Requirement: Only the lines from the line that contains "Fit: True To" through the final line of the entries below belong in your answer, copied exactly and without pictures.

Segment Start: Data for analysis

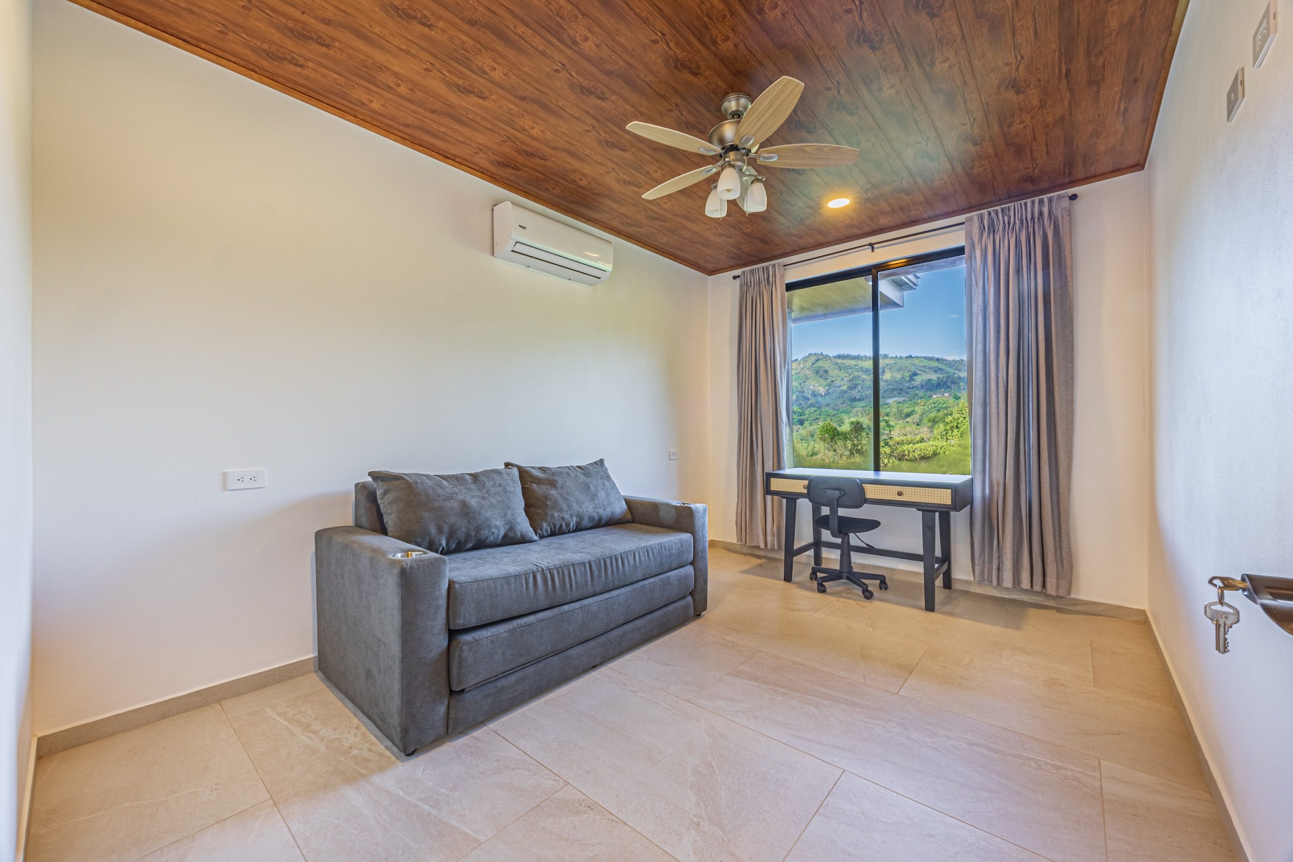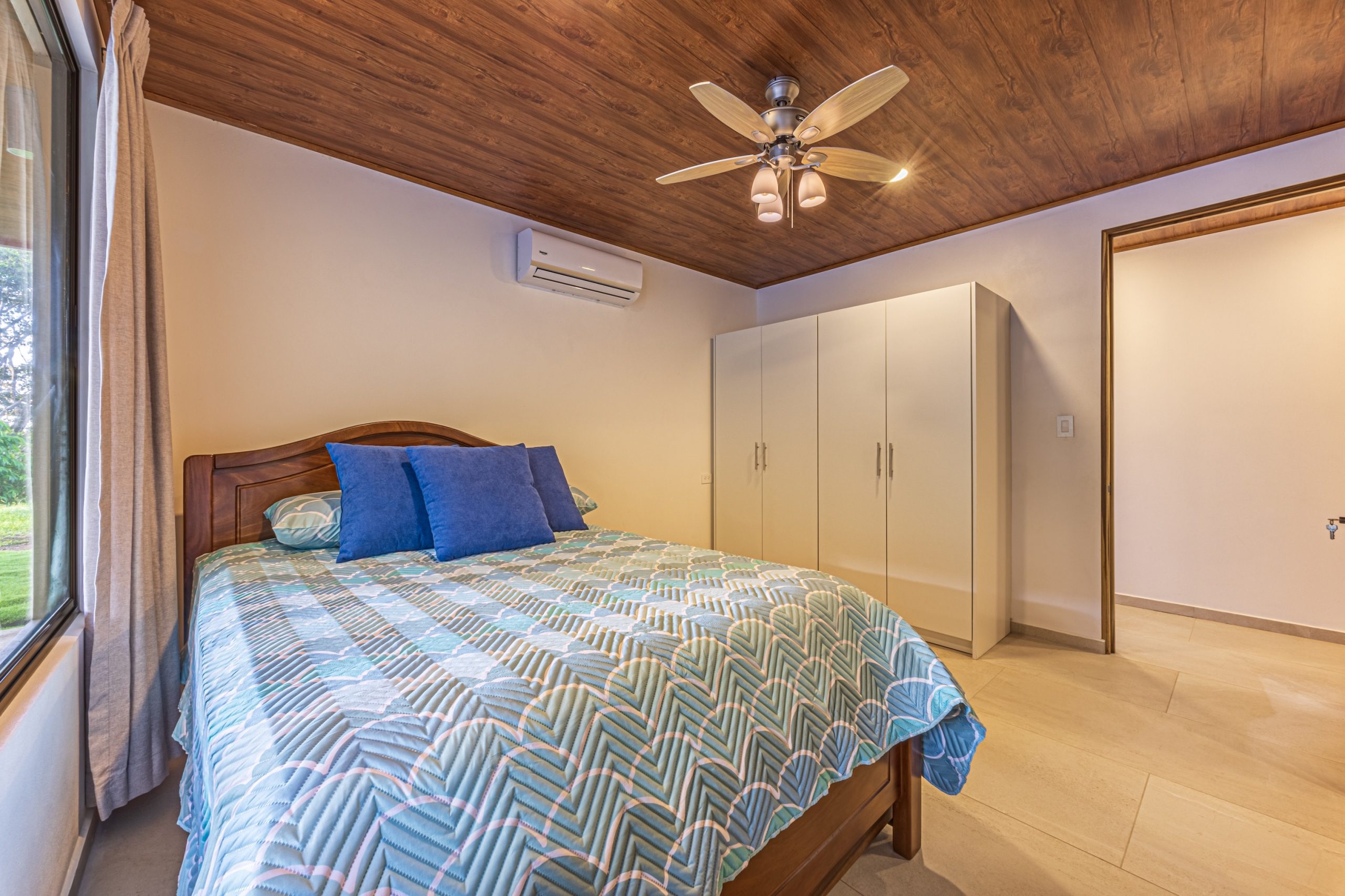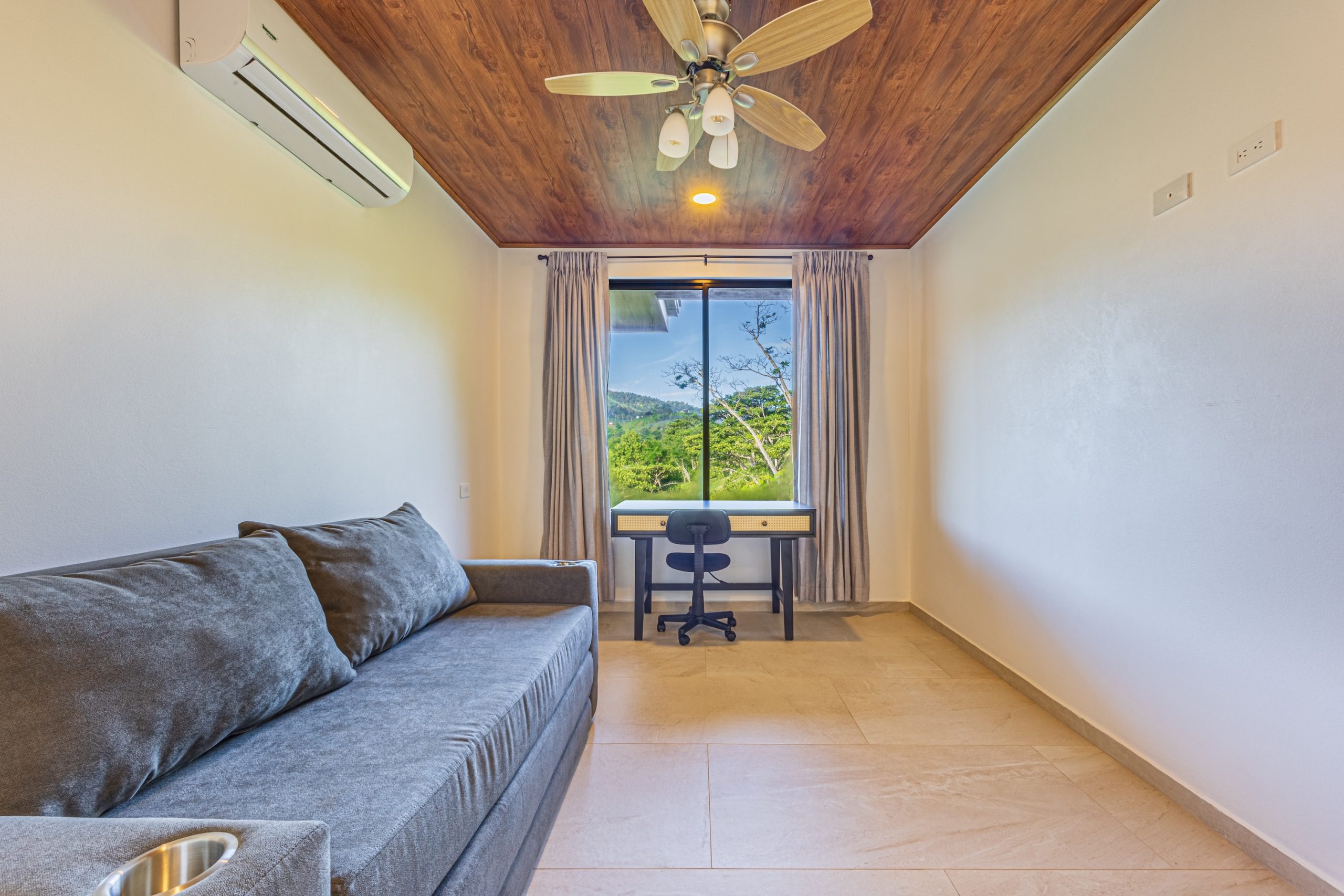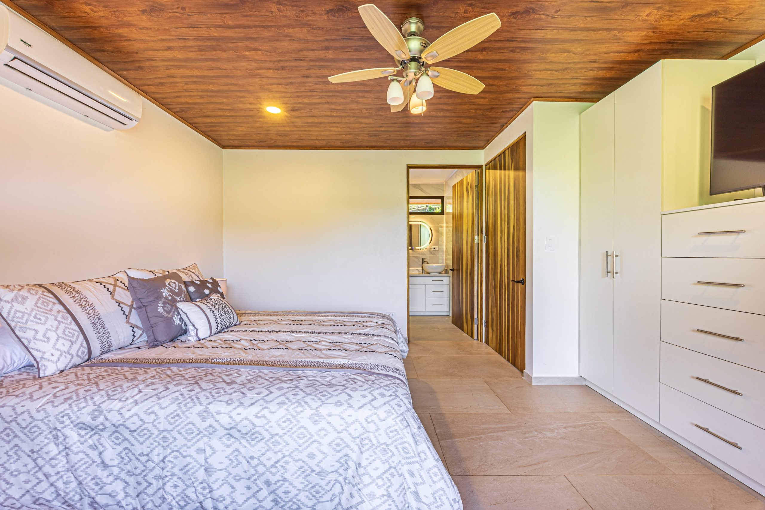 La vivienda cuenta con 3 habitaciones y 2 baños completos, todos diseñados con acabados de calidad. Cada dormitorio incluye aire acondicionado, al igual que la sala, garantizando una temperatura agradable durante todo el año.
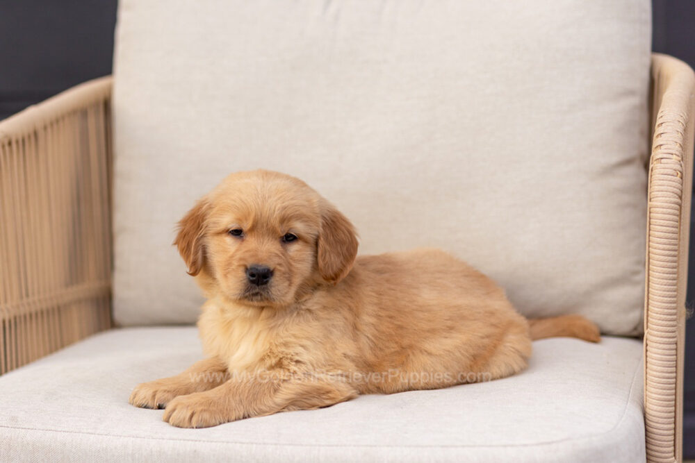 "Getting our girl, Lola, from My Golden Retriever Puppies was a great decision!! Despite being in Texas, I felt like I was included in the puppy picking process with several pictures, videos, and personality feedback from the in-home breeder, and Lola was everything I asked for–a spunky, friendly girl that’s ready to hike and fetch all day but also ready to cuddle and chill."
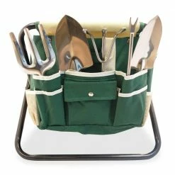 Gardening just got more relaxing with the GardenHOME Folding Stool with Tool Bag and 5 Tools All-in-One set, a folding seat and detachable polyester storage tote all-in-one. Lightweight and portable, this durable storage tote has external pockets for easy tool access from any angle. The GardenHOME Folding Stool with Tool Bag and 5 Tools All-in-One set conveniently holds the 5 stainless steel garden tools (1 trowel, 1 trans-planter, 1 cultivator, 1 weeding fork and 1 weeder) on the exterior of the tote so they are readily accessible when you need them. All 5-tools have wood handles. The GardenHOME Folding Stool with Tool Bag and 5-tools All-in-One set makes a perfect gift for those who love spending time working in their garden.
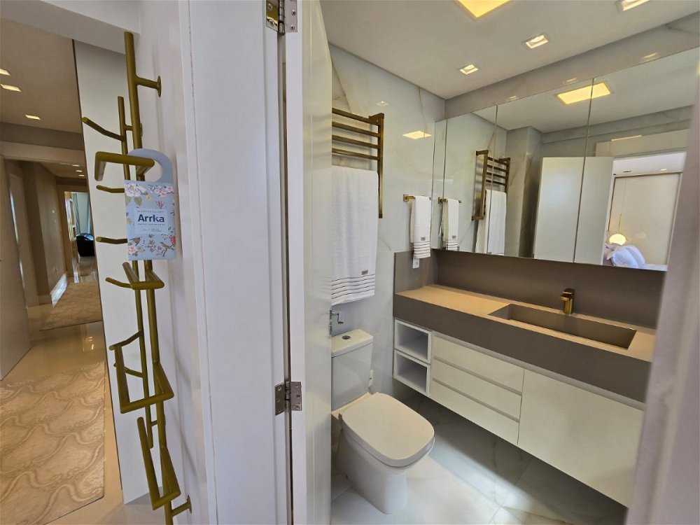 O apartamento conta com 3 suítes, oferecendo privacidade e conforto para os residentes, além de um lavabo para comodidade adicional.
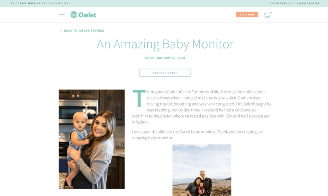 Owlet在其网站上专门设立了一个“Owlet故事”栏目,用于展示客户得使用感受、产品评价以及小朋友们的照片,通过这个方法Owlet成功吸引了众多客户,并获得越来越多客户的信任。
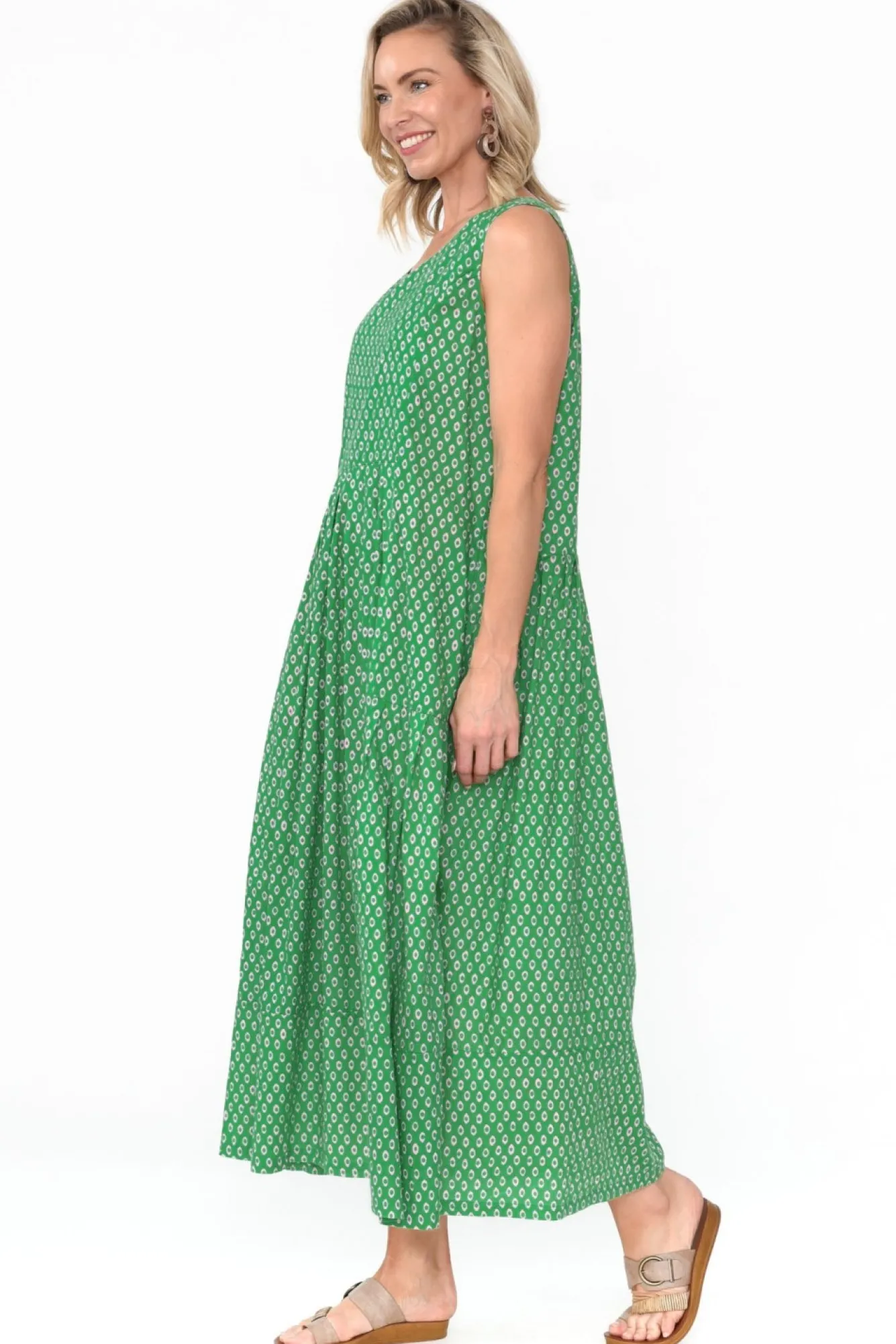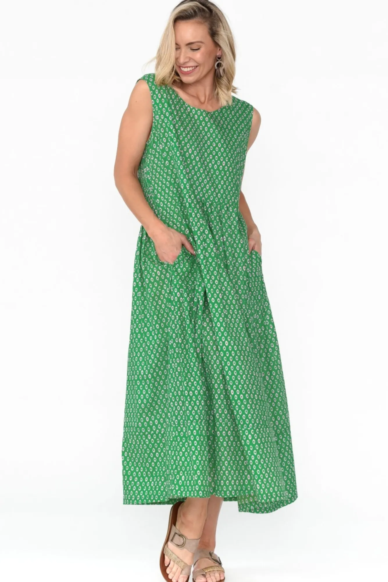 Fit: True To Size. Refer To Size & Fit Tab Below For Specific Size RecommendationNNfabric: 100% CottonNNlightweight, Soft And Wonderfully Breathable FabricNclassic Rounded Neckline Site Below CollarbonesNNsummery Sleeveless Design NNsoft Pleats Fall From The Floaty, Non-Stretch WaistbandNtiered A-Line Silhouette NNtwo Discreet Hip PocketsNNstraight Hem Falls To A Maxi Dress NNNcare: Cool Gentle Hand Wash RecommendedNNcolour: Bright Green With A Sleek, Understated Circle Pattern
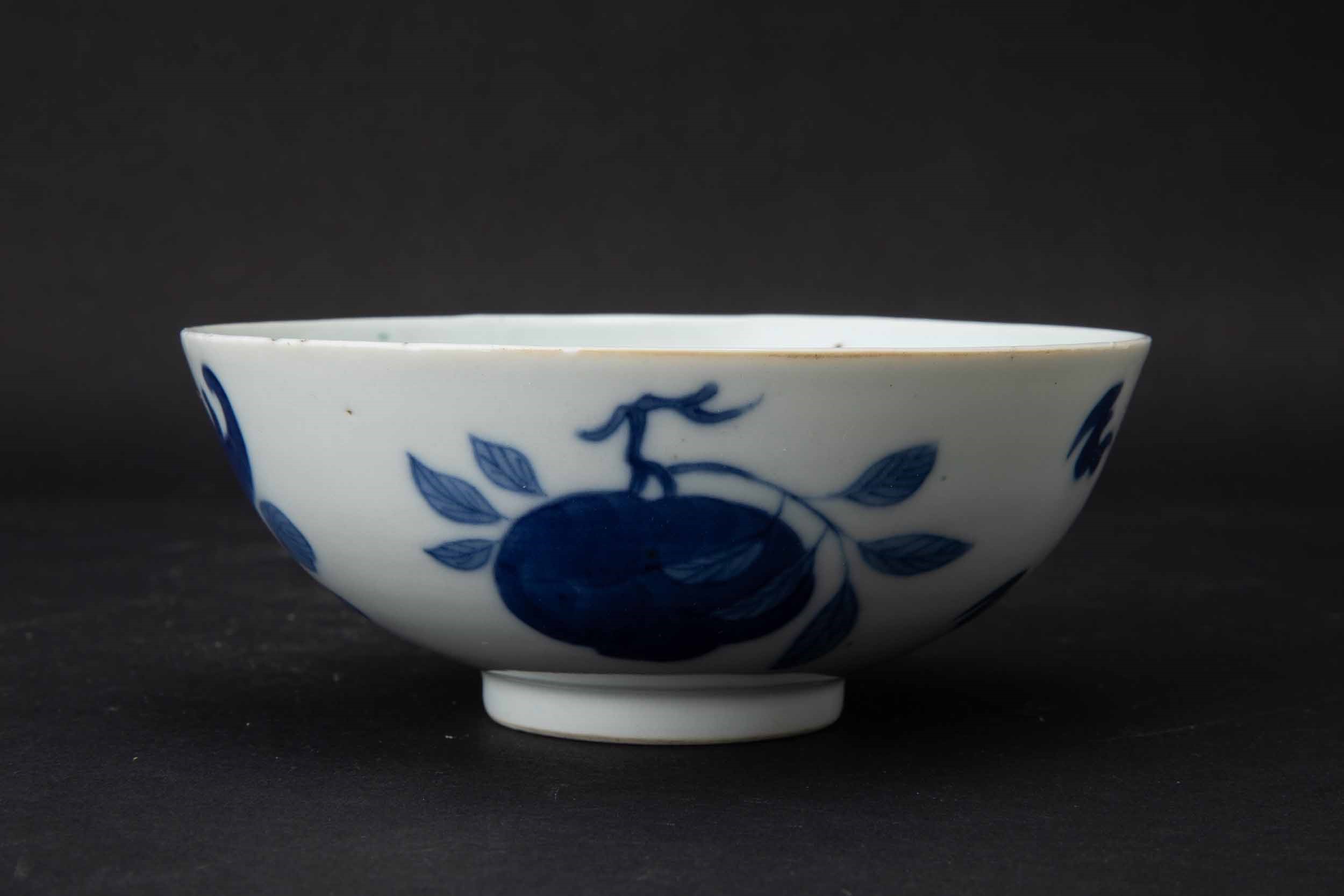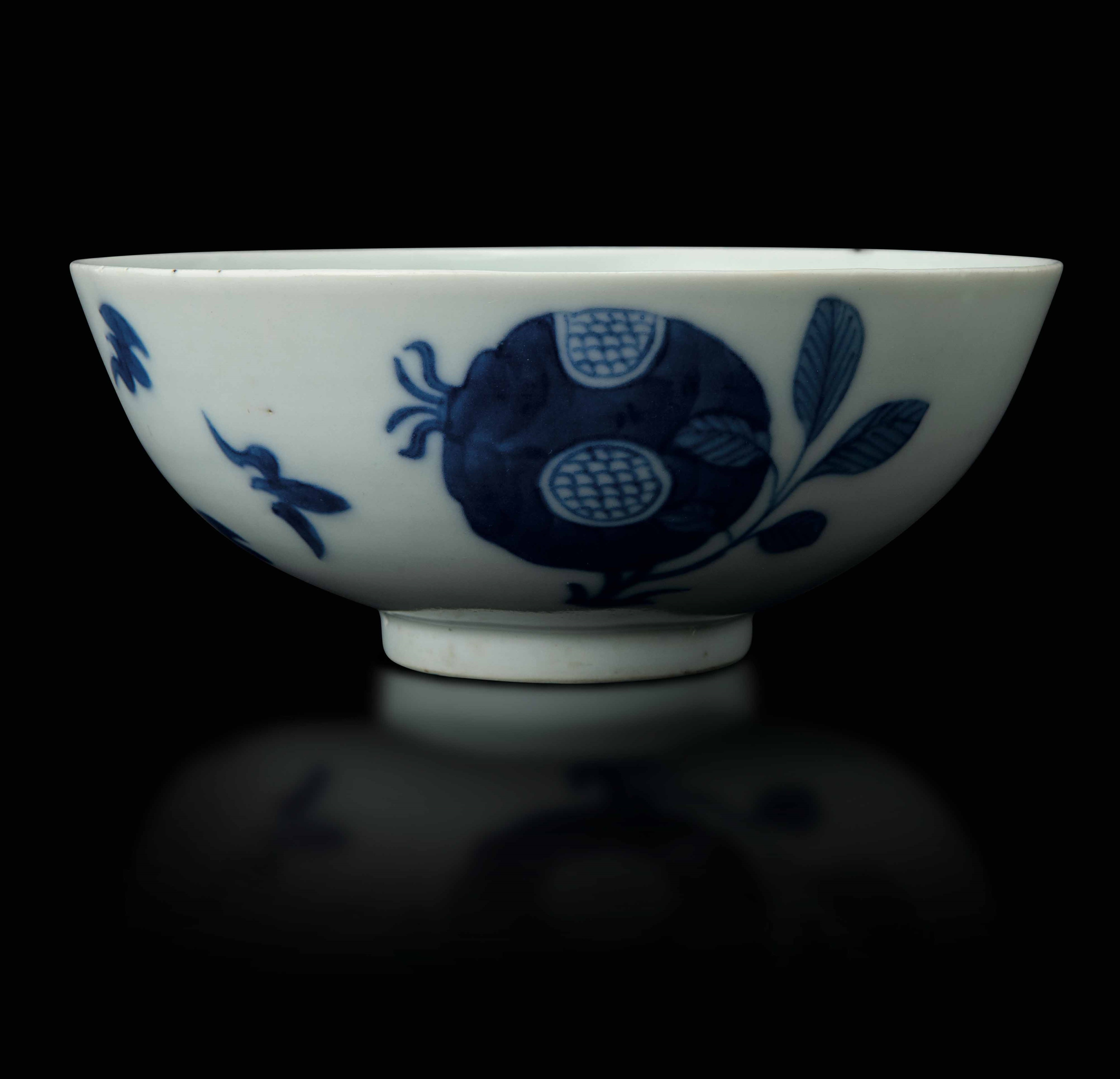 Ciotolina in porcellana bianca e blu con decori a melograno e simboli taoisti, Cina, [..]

Segment End: Data for analysis

Solved problem:
 Fit: True To Size. Refer To Size & Fit Tab Below For Specific Size RecommendationNNfabric: 100% CottonNNlightweight, Soft And Wonderfully Breathable FabricNclassic Rounded Neckline Site Below CollarbonesNNsummery Sleeveless Design NNsoft Pleats Fall From The Floaty, Non-Stretch WaistbandNtiered A-Line Silhouette NNtwo Discreet Hip PocketsNNstraight Hem Falls To A Maxi Dress NNNcare: Cool Gentle Hand Wash RecommendedNNcolour: Bright Green With A Sleek, Understated Circle Pattern
 Ciotolina in porcellana bianca e blu con decori a melograno e simboli taoisti, Cina, [..]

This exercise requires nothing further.